Patrząc na zdjęcie, podekscytowałem się pewnie nie mniej niż pan profesor w chwili, gdy je kupował. Fotografia z okresu, gdy w budynkach Technische Hochschule w Langfuhr działał wojskowy szpital, to przecież biały kruk! Kto z mieszkańców Danzig i broniących miasta żołnierzy myślał wówczas o robieniu zdjęć? Jeśli jednak ktoś wziął do ręki aparat i nacisnął spust migawki - czy można było potem te zdjęcia wywołać i skopiować, pod bombami sypiącymi się z samolotów i gradem pocisków artyleryjskich? Jakie były szanse, by fotografie przetrwały zagładę miasta?

***
Na zdjęciu przysłanym przez profesora Świsulskiego nic nie zapowiada tragedii, która pod koniec marca 1945 roku czekała szpital w gmachach Technische Hochschule. Żołnierz i sanitariuszka uśmiechają się do obiektywu, drugi żołnierz, ledwie widoczny na tle ozdobnych drzew, sięga do kieszeni, pewnie po paczkę papierosów, kilku innych stoi spokojnie w cieniu na prawym skraju kadru, nikt się nie krząta przy ambulansie i ciężarówce zaparkowanych przed głównym wejściem. Z fotografii wręcz tchnie spokojem. Jeszcze dziwniejsze jest co innego. Jak czytamy w oficjalnej historii Politechniki Gdańskiej, szpital wojskowy z 3 tys. łóżek zorganizowano "w kilka dni po odprawieniu transportu", którym na statku Deutschland wysłano do Kilonii ostatnią grupę pracowników uczelni wraz z rodzinami, a także 500 skrzyń zawierających "najcenniejszą aparaturę, książki i akta rektoratu".

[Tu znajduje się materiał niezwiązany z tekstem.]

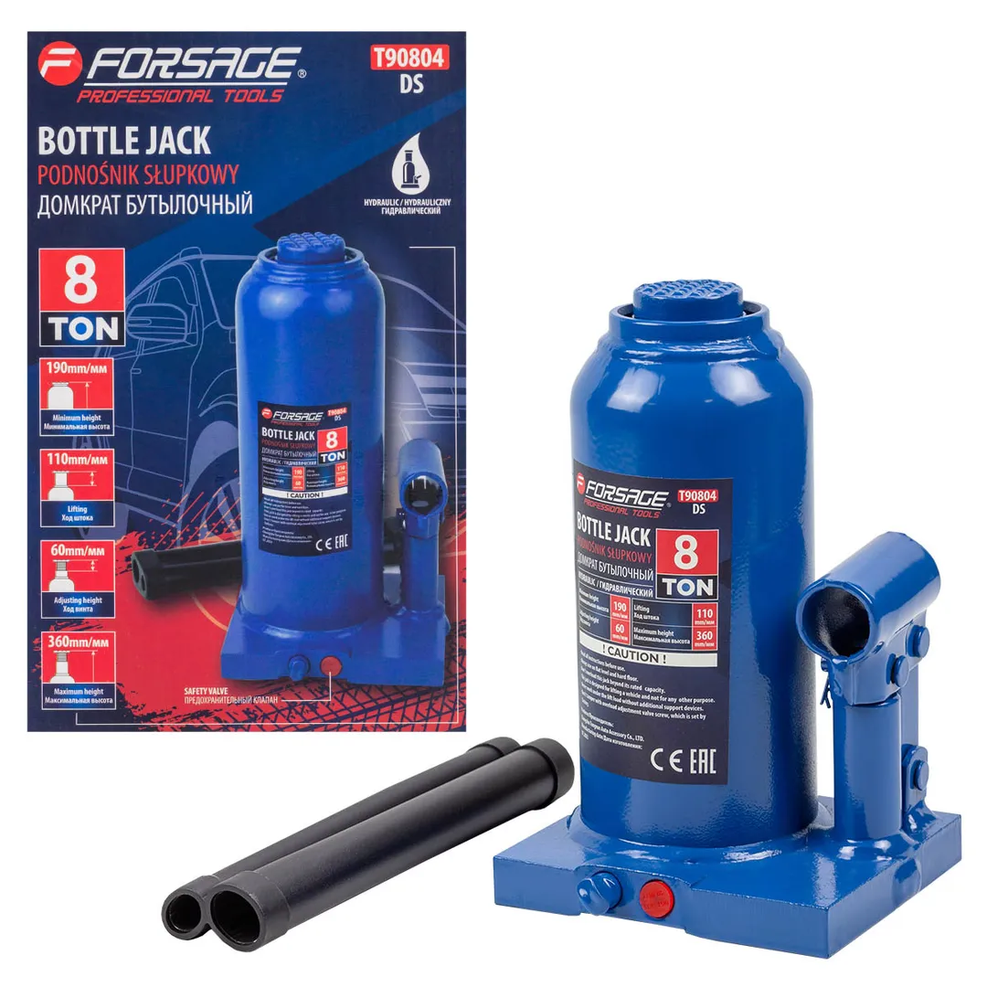 Домкрат бутылочный гидравлический с клапаном широко применяется на производствах, шиномонтажах, станциях технического обслуживания, а также в частных гаражах. Позволяет эффективно и безопасно поднять транспортное средство или иной груз с целью проведения ремонтных работ. Преимущества бутылочного домкрата: При относительно небольшом прикладываемом усилии имеет достаточно большую грузоподъемность и высокий КПД. Отличная точность фиксации груза, плавность хода штока. Домкрат оснащен специальным предохранительным клапаном для защиты от перегрузки. Компактные размеры, мобильность и легкость транспортировки (обязательно сохранять вертикальное положение устройства для предотвращения утечки масла).

Statek wypłynął z Gdańska 27 stycznia 1945 roku, a więc szpital powstawał na przełomie stycznia i lutego. Czerwony krzyż nad wejściem do gmachu oraz tablica informacyjna nad głowami żołnierza i sanitariuszki, a także obecność ambulansu każą przypuszczać, że już działał w momencie wykonania zdjęcia. I tu natykamy się na największy znak zapytania. Relacje gdańszczan z tego okresu mówią o obfitych opadach śniegu i tęgich mrozach. Na zdjęciu śniegu jednak nie widać, a strój sanitariuszki można określić jako co najwyżej wczesnojesienny. Żołnierz również ma na sobie letni mundur. Cień ambulansu jest krótki, a więc przysłonięte chmurami słońce stało w chwili wykonania fotografii znacznie wyżej niż to bywa na przełomie stycznia i lutego!

A może po prostu zdjęcie zrobiono w innym czasie, przed jakimś budynkiem podobnym do Technische Hochschule? To wykluczone: każdy szczegół zgodny jest z dzisiejszym wyglądem frontonu gmachu głównego politechniki. Wątpliwe też, by działał w tym miejscu inny, wcześniejszy szpital wojskowy, bo zajęcia akademickie trwały - choć w malejącej obsadzie - do stycznia 1945 roku. Przyznam się, że nie potrafię znaleźć żadnego sensownego wyjaśnienia tych zagadek.

***
Jedynym szczegółem niebudzącym wątpliwości jest wojskowy ambulans, trafnie rozpoznany przez profesora Świsulskiego jako Phänomen Granit 25 H. Dzieje firmy, która produkowała te samochody, sięgają 1888 roku, w którym niejaki pan Karl Gustav Hiller założył w mieście Zittau, niemal dokładnie tam, gdzie dziś zbiegają się granice Niemiec, Polski i Czech, fabryczkę opatentowanych przez siebie maszyn do wyrobu… pomponów. Niedługo potem zajął się montażem rowerów sprowadzanych z Anglii, które sprzedawano pod marką Phänomen-Rover, a w 1900 roku rozszerzył ofertę swojej firmy o motocykle.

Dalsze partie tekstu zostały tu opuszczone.